Tarot Agent takes the opposite approach. It does exactly one thing: AI-powered tarot readings. You type a question, pick a spread, and get a streaming interpretation backed by Claude AI with custom pixel-art Major Arcana illustrations. No accounts, no paywalls, no feature bloat. Open the page and ask your question.

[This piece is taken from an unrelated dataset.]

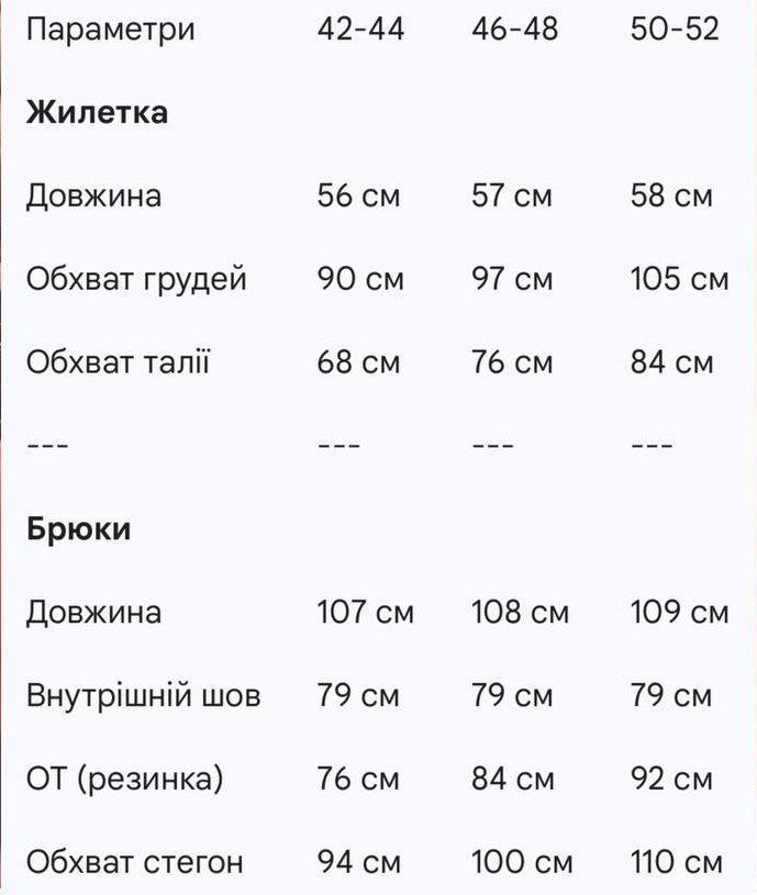 - Розміри: 42-44, 46-48, 50-52

This is what focused AI product design looks like.
The Stack
Tarot Agent is built on Nuxt 3 with Vue 3, styled with Tailwind CSS 4, and powered by Claude AI from Anthropic. The deployment target is Vercel with SSR enabled.
Nuxt 3 (Vue 3 + SSR)
├── Tailwind CSS 4 (custom mystic theme)
├── Claude AI (Anthropic SDK)
├── Nuxt Color Mode
├── Lucide Icons
├── Google Fonts (Cinzel + Inter)
└── Vercel (deployment + edge)
The choice of Nuxt 3 over a plain Vue SPA is deliberate. Tarot Agent needs server-side rendering for SEO and social sharing — when someone shares a reading, the preview card should actually say something meaningful. More importantly, Nuxt server routes provide a clean way to proxy Claude API calls without exposing API keys to the client.
How the AI Readings Work
The core interaction is deceptively simple: user asks a question, selects a spread type, and the app streams back a tarot interpretation in real time. Under the hood, this is a Nuxt server route calling the Anthropic API with streaming enabled.
The architecture follows a pattern we use often: the client makes a single request, the server route handles the AI interaction, and the response streams back token by token.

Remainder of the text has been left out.